The last time this happened for me was the most disappointing. I was in a group that I knew was sensitive to those questions. It was a church that has had a consistent and creative ministry outside of the church from its birth. And yet, when the critical faith issues were raised, there was no real conversation about how the proposal at hand addressed those issues. The discussion was amazingly off target. It was embarrassing to see us, as the body of Christ, talk about those issues in such a superficial way.

I was able to rationalize the silence of most of the pastoral staff. It was after all a Baptist, congregational decision-making process that needed to be “ours.” But it was as if the silence of the staff was contagious. To talk about the faith dilemmas of raising huge sums of money for our church building needs without having an in-depth discussion of our community needs or the needs of the world seemed impossible.
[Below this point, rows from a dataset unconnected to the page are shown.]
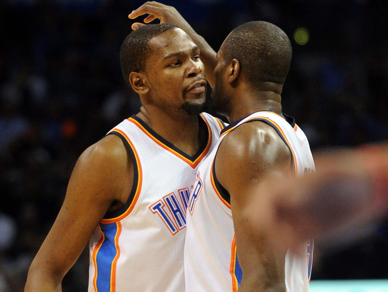 Durant's height is often questioned because his Oklahoma City Thunder frontcourt partner Serge Ibaka is listed at 6-foot-10 - an inch taller than KD's indexed height. Photographs like this cast doubt on that: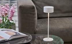 De elegante tafellamp is geschikt voor buitengebruik dankzij IP-klasse 65, en een oplaadbasis met kabel en USB-poort is inbegrepen in het pakket, zodat je de lamp eenvoudig kunt opladen.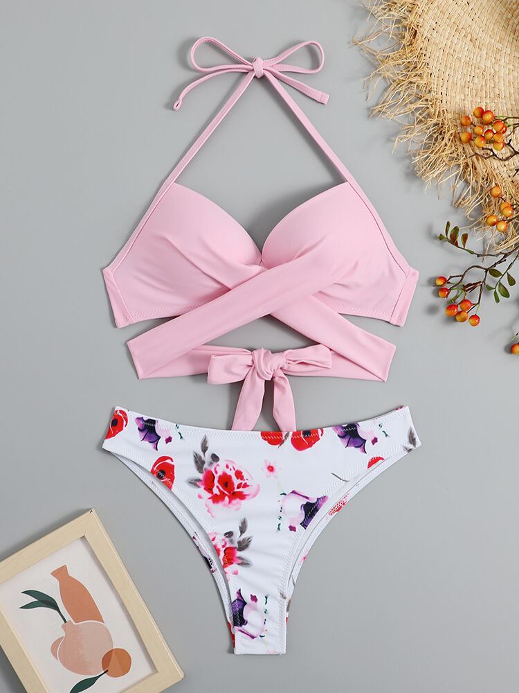送料無料 プッシュアップビキニ 2023 女性十字花水着タイバック水着セクシーな水泳水着夏のビーチウェア サマー 夏物 花柄 AE121255546121216312

And yet, there we were. All the months that ran into years of planning and needs assessment that had preceded this proposal and discussion simply outweighed the ability of the group to dialogue, much less assimilate the dialogue, about the faith dilemmas implied in our proposal and make changes that addressed those issues.
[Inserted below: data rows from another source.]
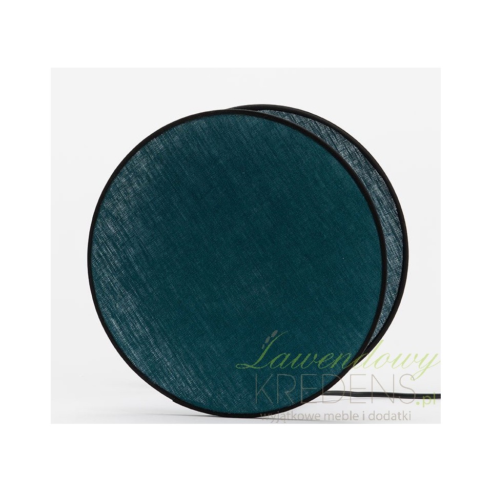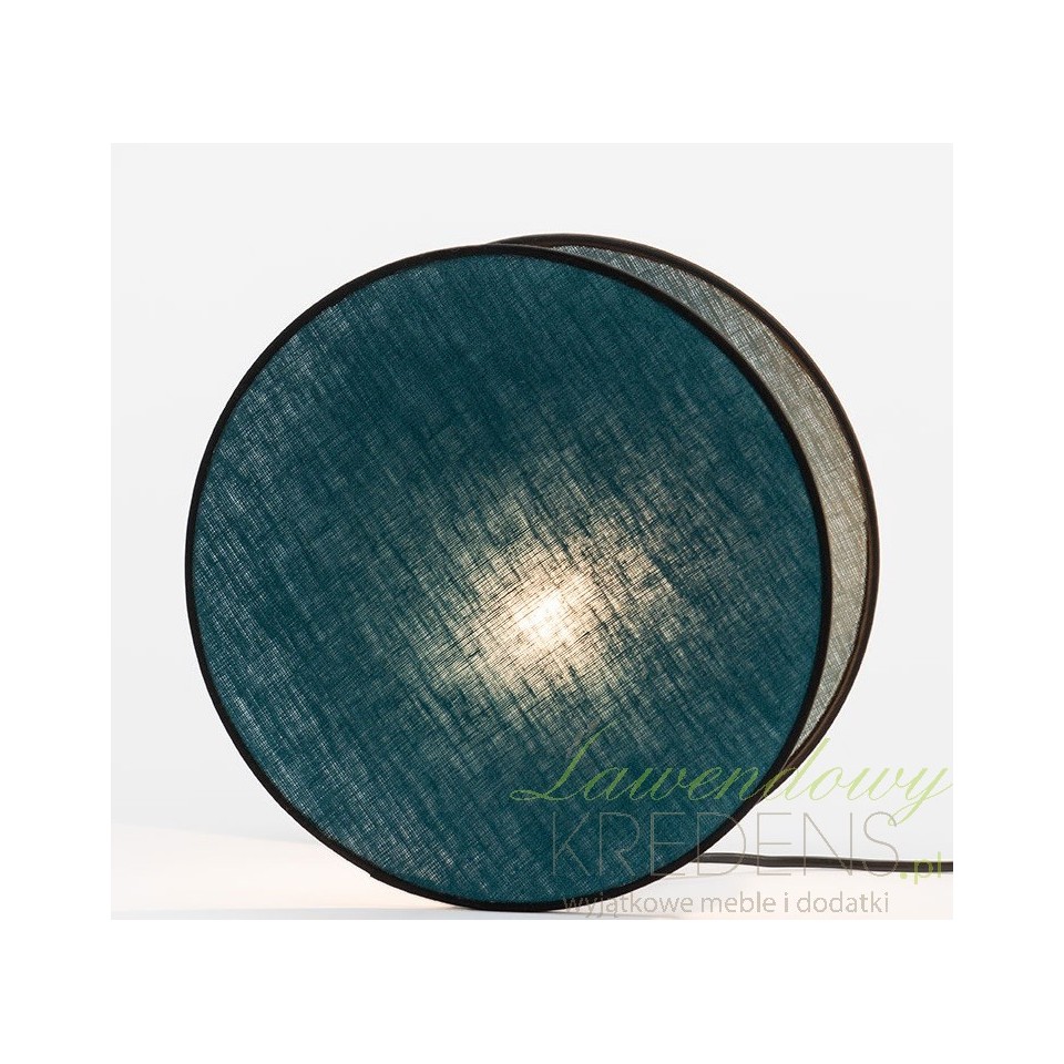Dodatki do domu, które są niezastąpione to miedzy innymi elementy oświetlenia wnętrza. Prezentowana lampka nocna w kolorze morskim jest okrągła, wykonana z lnianej tkaniny i oprawiona czarną lamówką. Pięknie komponuje się z skandynawskimi i industrialnymi meblami. Zamów swoją ulubioną lampkę już teraz!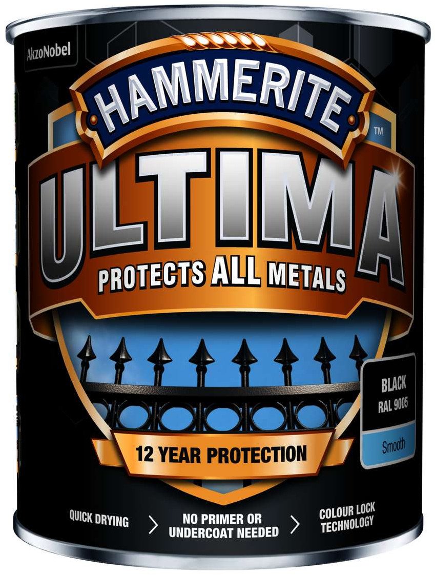 Hammerite Ultima Μεταλλικό Χρώμα - Μαύρο - RAL 9005 - 750 ml.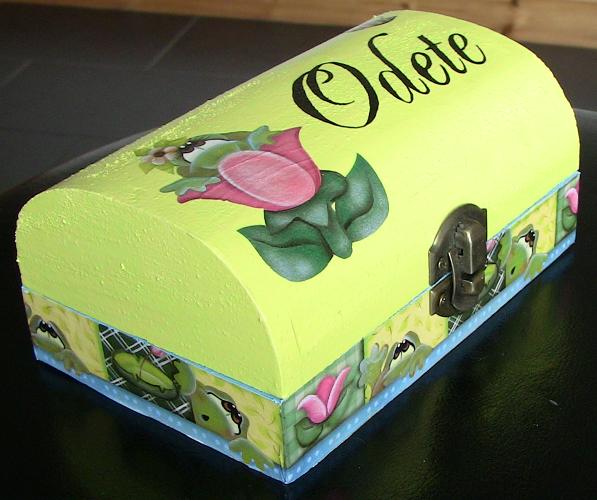 A pink and orange keepsake box specially decorated to Ema.

I have worked joyfully and successfully with congregations and pastoral staff for more than 35 years. I have worked with similar hope and healing with families and couples in conflict for all those years. I understand systems and how they work. It is not that these talented, insightful and committed Christians are not sensitive to the questions raised. Many are doing ministry that represents those values. Some have done this work sacrificially for many years. So how could we fail to see ourselves clearly in this decision-making process?

I believe Peter Storey, formerly a Methodist Bishop in South Africa, and now a professor at Duke Divinity School, understands this paradox well. He insists that our own cultural blindness, i.e. my (our?) sin, is so strong and powerful that I (we?) need a permanent working committee in every church whose task it is to educate themselves and the congregation about each individual church’s relationship with the poor. This working committee would view every decision the church makes in the light of our biblical mandate to care for the poor and the powerless.

How might my life have been transformed by such a committee? How might the tangible, deliberate work of my brothers and sisters in Christ, in my own congregation, struggling with and celebrating our specific call to peace and justice, have helped me to live more faithfully in my own life and church? And how might I have lived (live) more faithfully in Baptist business meetings?